Disconnect your computer from the network and in /etc/hosts.conf put
127.0.0.1 abj.jidanni.org
127.0.0.1 radioscanningtw.jidanni.org
127.0.0.1 transgender-taiwan.org
127.0.0.1 mysql.transgender-taiwan.org
and have apache serve them. And restart e.g., dnsmasq, firefox, etc.

Well chromium and w3m work fine.

But for firefox, transgender-taiwan.org doesn't work!
That's right, all the other virtual sites we created work except that one.

Why? Because firefox finds that there is only two components,
and insists on adding WWW. in front before trying it AT ALL!

(You need to be offline to see this happening.)

Setting browser.fixup.alternate.prefix to "" fixes it.

This is terrible --- not one little beep over HTTP is ever attempted.

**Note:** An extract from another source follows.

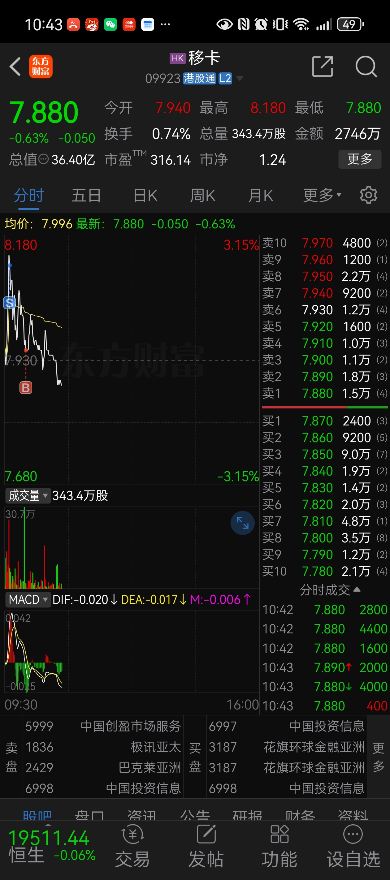 $移卡(HK|09923)$ 又接早了~因为看好它,生怕它飞,不过接下来我依然会在适当价位卖出,因为空头还没死

Please check for the version of the URL the user has asked for
before stuffing the WWW. on in BOTH online *AND FOR LOCALHOST* situations.
On localhost,
$ firefox http://X.Y/ from the command line is also turned into http://WWW.X.Y/ before EVEN TESTING FOR X.Y !
Q.X.Y and Q.R.X.Y etc. are immune, because they have 3+ components.
Severity: normal → major
Component: Untriaged → Location Bar
Priority: -- → P2
Not sure where this belongs, Document Navigation or Networking?
Component: Location Bar → Document Navigation
Product: Firefox → Core
Document Navigation is correct, since the relevant code is nsDefaultURIFixup::MakeAlternateURI, called by nsDefaultURIFixup::CreateFixupURI, which probably comes from this snippet in nsDocShell::EndPageLoad:

>7013     // If the page load failed, then deal with the error condition...
>7014     // Errors are handled as follows:
>7015     //   1. Check to see if it's a file not found error or bad content
>7016     //      encoding error.
>7017     //   2. Send the URI to a keyword server (if enabled)
>7018     //   3. If the error was DNS failure, then add www and .com to the URI
>7019     //      (if appropriate).
>7020     //   4. Throw an error dialog box...
The callsite pointed to in comment 4 passes either 0 or FIXUP_FLAG_ALLOW_KEYWORD_LOOKUP to CreateFixupURI.

But browser.fixup.alternate.prefix is only considered if the FIXUP_FLAGS_MAKE_ALTERNATE_URI flag is set.

That flag is set in the code pointed to in comment 3, but that code would only run if we failed to resolve the hostname transgender-taiwan.org.  Note that this is purely about DNS resolution; I would not expect any HTTP traffic before this failure case if it happens at all.

I see no other places that call createFixupURI with FIXUP_FLAGS_MAKE_ALTERNATE_URI in our tree.

So it sure sounds like we're not finding an IP address for that hostname.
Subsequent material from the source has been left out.